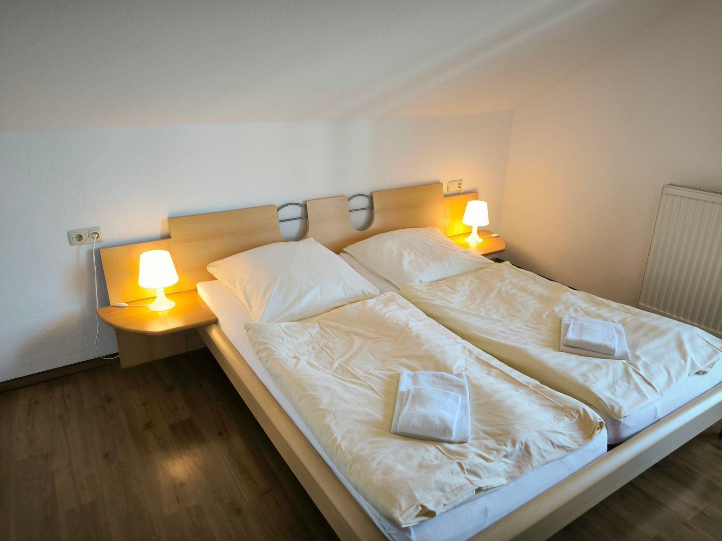 Schlafzimmer mit einem Doppelbett (180 x 200 cm) und großem Kleiderschrank, Kofferablage
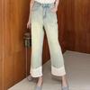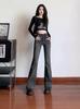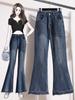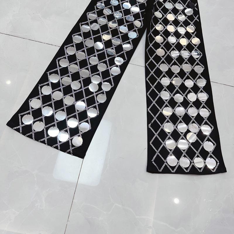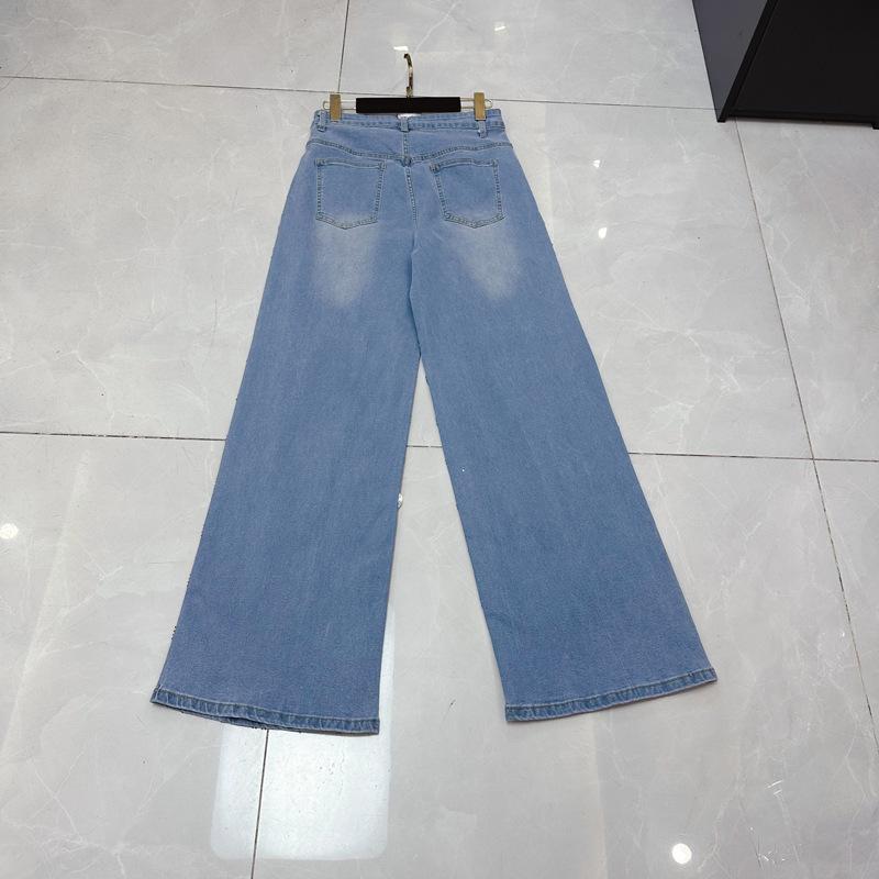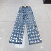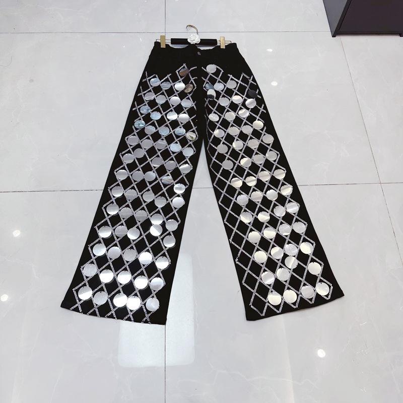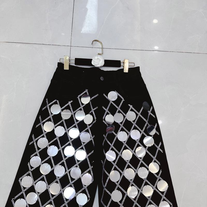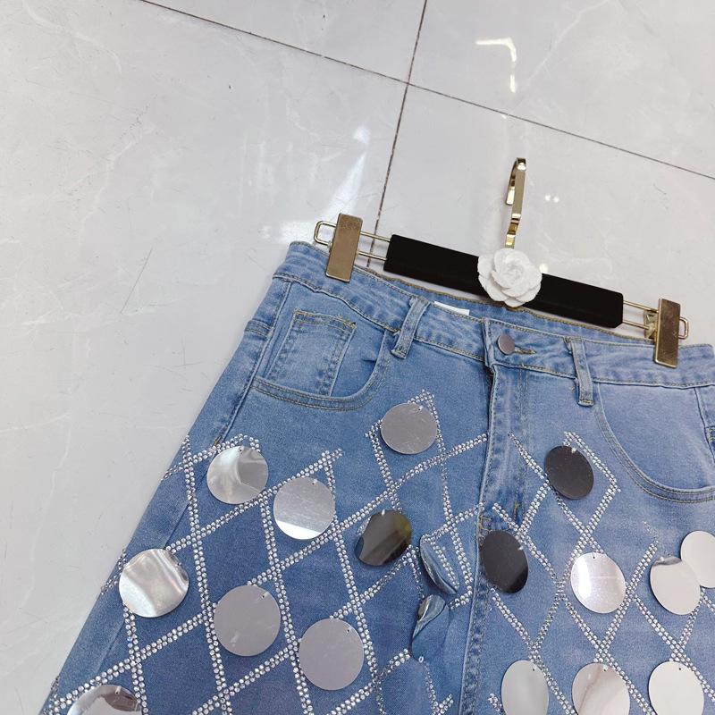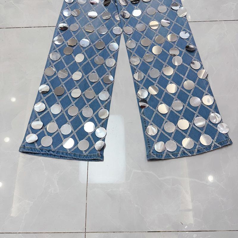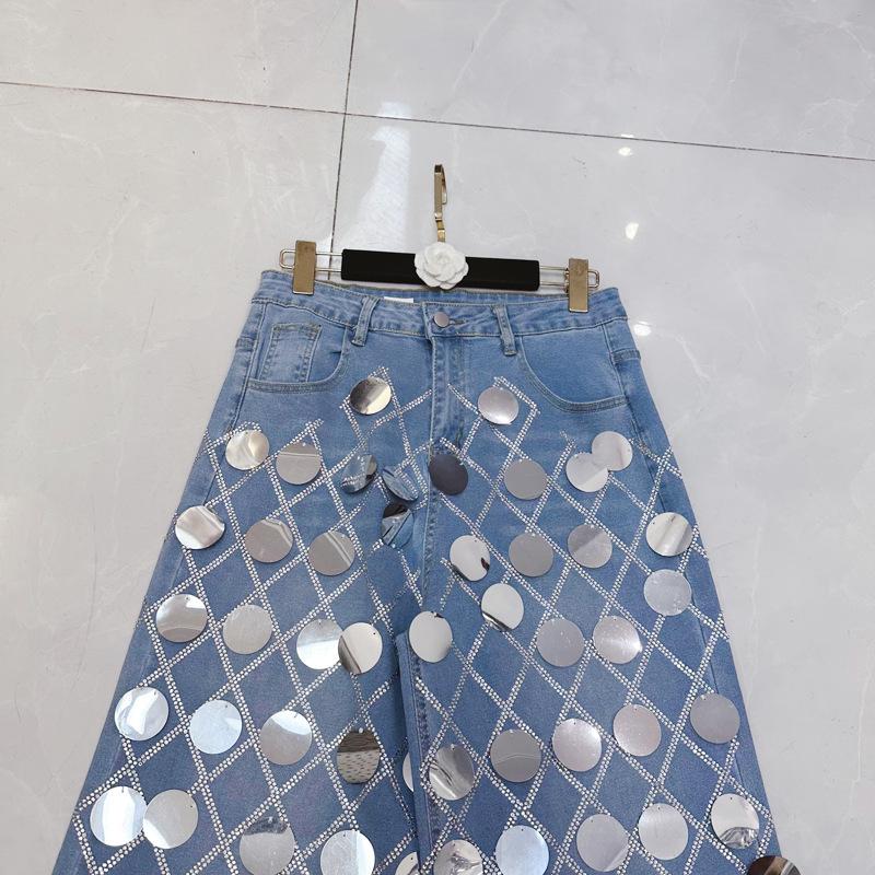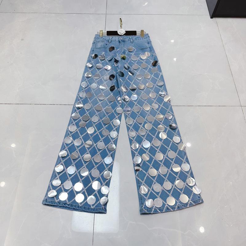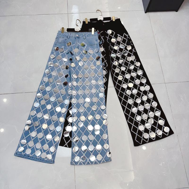 Pantalones de Mezclilla para Mujer de Moda con Diseño Europeo y Americano Transfronterizo, Cintura Alta, Corte Slim de Pierna Ancha, con Lentejuelas y Cuentas de Industria Pesada
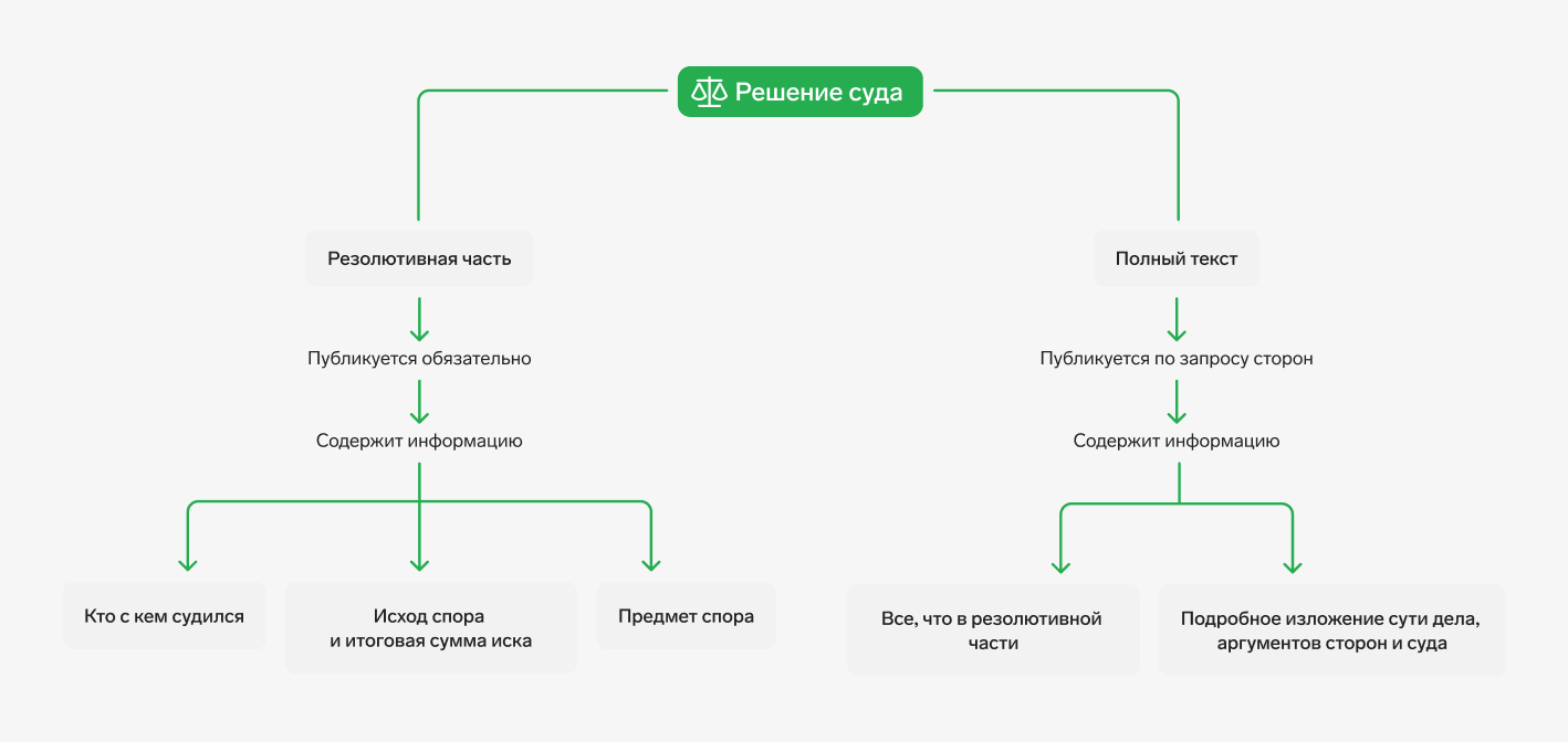 В самом документе с решением может быть представлен краткий (резолютивная часть) или полный текст. Отличия показаны на схеме:
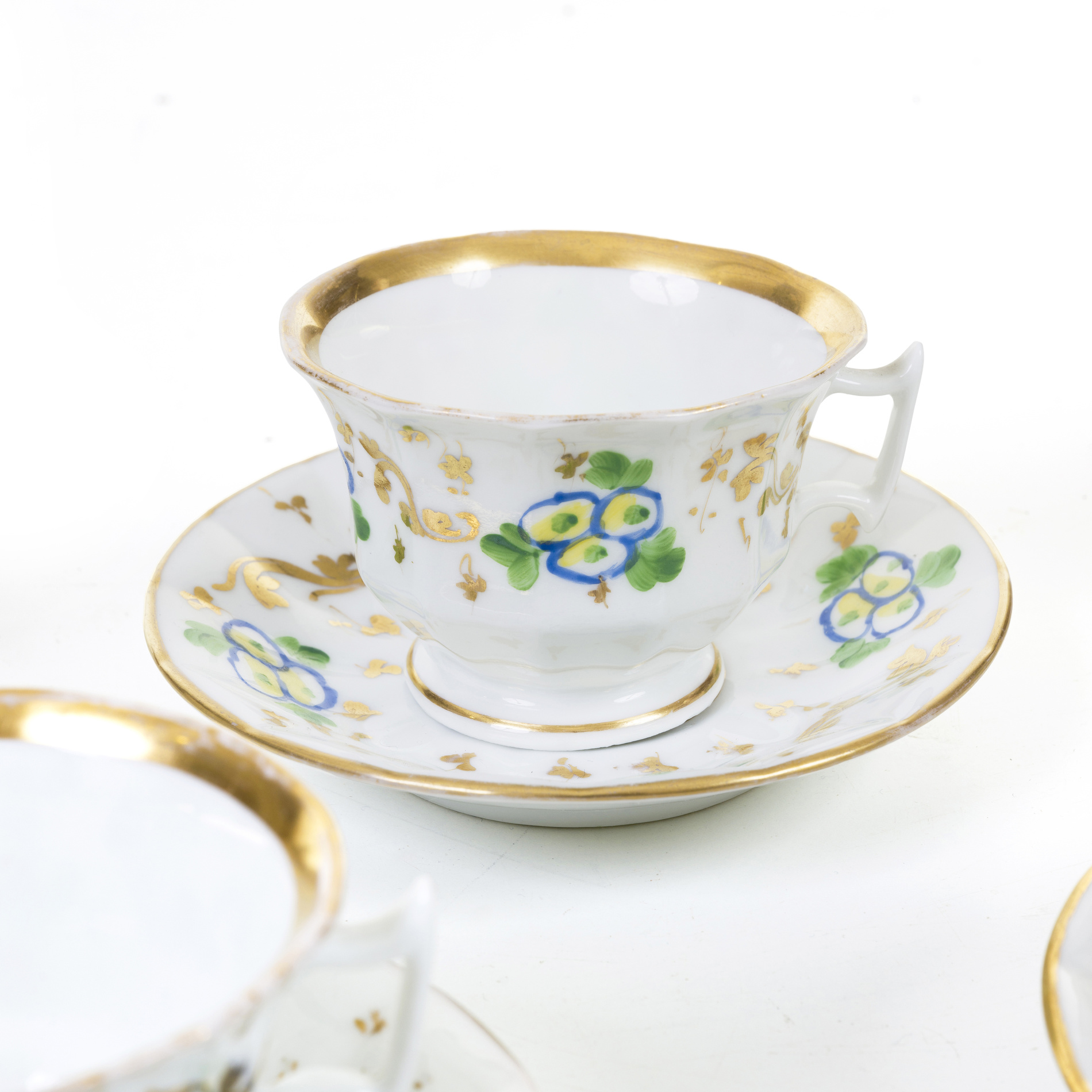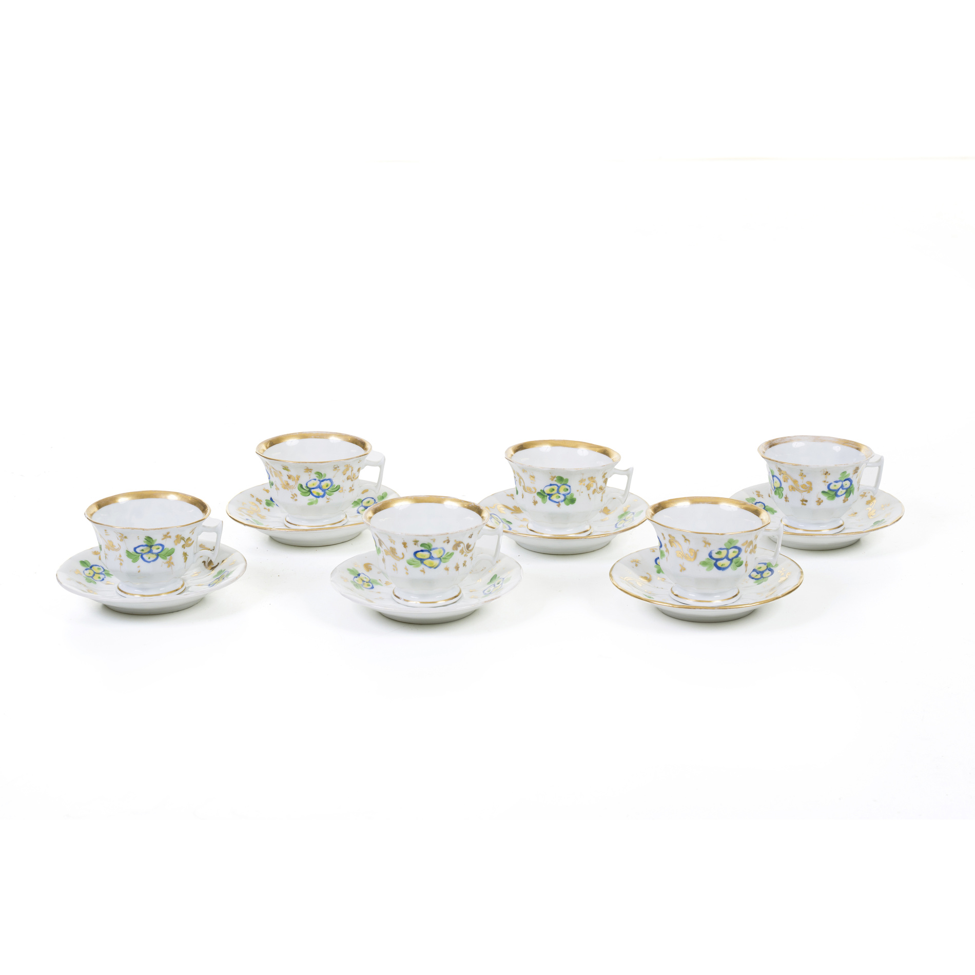Six cups and saucers with floral decoration

Task brief:
Take the line that contains "В самом документе" and all lines after it to the end of the material above, and copy them verbatim without any images.

Reply to the exercise:
 В самом документе с решением может быть представлен краткий (резолютивная часть) или полный текст. Отличия показаны на схеме:
Six cups and saucers with floral decoration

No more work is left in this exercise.